Теперь сомнений быть не может.
Этот крест принадлежал ей.
Эта записка — она тоже читала ее, держала в руках, прежде чем спрятать в медальон на хранение. Подарил ли ей крест ее любовник? Вырезал ли он на боковой стороне ее инициалы и заложил их в качестве обещания, как кольцо Жан-Люка для меня?
Встретимся под нашим деревом в полночь, и мы втроем будем вместе навсегда.
Я с трудом сглатываю, борясь с комком в горле. Интересно, как долго он ждал под деревом, прежде чем понял, что она никогда не придет? Прежде чем осознать, что их мечта так и осталась мечтой? И кто же этот таинственный третий человек, о котором он упоминал? Мы втроем будем вместе навсегда. Я нахмурилась, услышав эту фразу, и по позвоночнику поползли первые нити беспокойства. Конечно, он не имел в виду Бабетту. Филиппа получила бы эту записку еще при жизни, а Бабетта была бы слишком занята уходом за больной сестрой, чтобы бежать с кем-то. И почему он написал слово Мороз с большой буквы? Действительно, чем дольше я смотрю на письмо, тем меньше в нем смысла.

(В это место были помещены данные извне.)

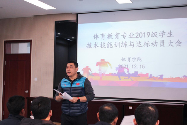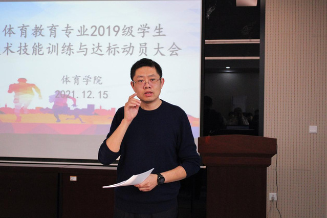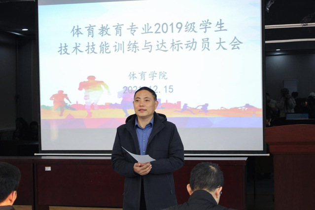 为落实“学生中心,产出导向,持续改进”认证工作理念,进一步提高学生专业技术技能水平,更好适应中学体育工作要求。12月15日上午,学院于2教101会议室举行体育教育专业2019级学生技术技能训练与达标动员会议。学院党总支副书记赵鹏,副院长杨刚,团委书记、学生工作办公室主任李昌朕,教学科研办公室主任韩军梅,体育教育系主任胡鹏,辅导教师以及体育教育专业2019级全体学生出席会议,此次会议由杨刚主持。
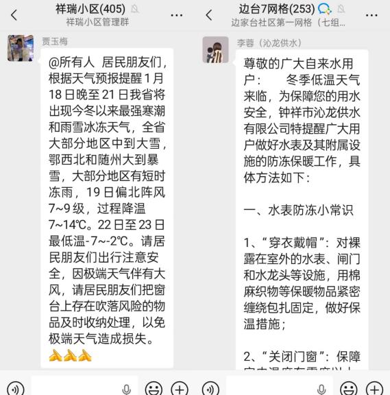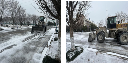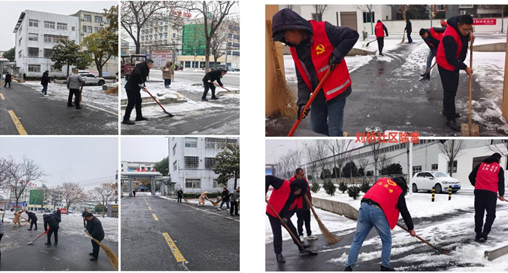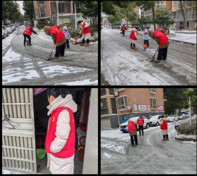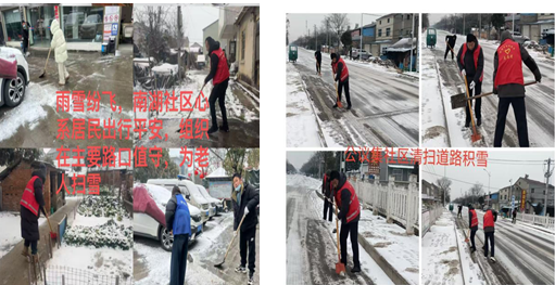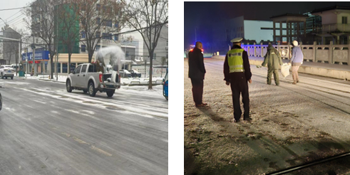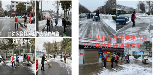 四是做好应急防范。储备工业盐3吨,预备铲雪机械5台、人员150人,以及部分油锯、铁锹 、铁镐等应急物资,确保应急状态下能够快速调用。安办、城管办与公安交警部门协同配合,对南湖河桥等四座桥梁开展撒盐防冻作业,全力保障道路畅通与市民出行安全;社区“红马甲”志愿者主动上路协助疏导交通,交警及辅警全员上岗执勤;组织机关、社区、单位干部职工,发动党员群众共计100余人,对各单位院落及门前区域的积雪结冰开展集中清理,协调水管站出动机械车2台参与作业。

Похоже, сегодня ночью будет Мороз.
Мороз. Я напрягаю мозг, пытаясь подобрать слово, но все, что я могу представить, — это сверкающие в лунном свете пучки травы, возможно, шпиль воображаемого ледяного дворца Филиппы. Может, он упомянул о морозе, чтобы предупредить Филиппу о возможных следах? Я фыркнула при мысли о том, как мои мать и отец будут выслеживать ее в полночь, изучая следы на лужайке, но, по правде говоря, ничего смешного в этом нет. Нет, мне стало еще хуже, чем было до того, как я нашла записку, и часть меня жалеет, что я не оставила все как есть. Холодными пальцами я перекладываю письмо.
Пиппа не хотела, чтобы я знала об этой части ее жизни. Должно быть, у нее были свои причины, а я…
Я совсем ее не знала.
Поджав губы и сгорбив плечи от ветра, я засовываю письмо обратно в медальон и снова закрываю серебряную дверцу. Я не скажу Михалю о записке. Я ничего не скажу ему о Филиппе. Он захочет изучить ее, отследить ее последние передвижения, а что мы сможем найти? Моя сестра никого не убивала, не хотела убивать, и даже если учесть, что этот медальон слабо связан с Бабеттой и Некромантом — как Филиппа могла их знать, в самом деле? Как она могла работать с ними? Моргана убила ее еще до того, как начались убийства в Цезарине. Нет. Я решительно качаю головой и поднимаюсь на ноги. Моя сестра в этом не замешана.
Я почти не слышу, как с другой стороны улицы доносится негромкое псссс.
Остановившись на середине шага, я поворачиваюсь — наполовину убеждена, что ослышалась, — и вздрагиваю, увидев глаза в живой изгороди. Мои глаза сужаются, и я смотрю то влево, то вправо, прежде чем заглянуть поближе в ветви кустов остролиста. Глаза большие, слишком большие, чтобы быть человеческими, и темно-карие, почти знакомые. Они выглядят так, будто принадлежат… ну, лютину. Однако в Амандине очень мало ферм и еще меньше полей — местность слишком гористая, почва слишком неплодородная, — а значит, этот лютин либо ушел далеко от дома, либо очень, очень заблудился.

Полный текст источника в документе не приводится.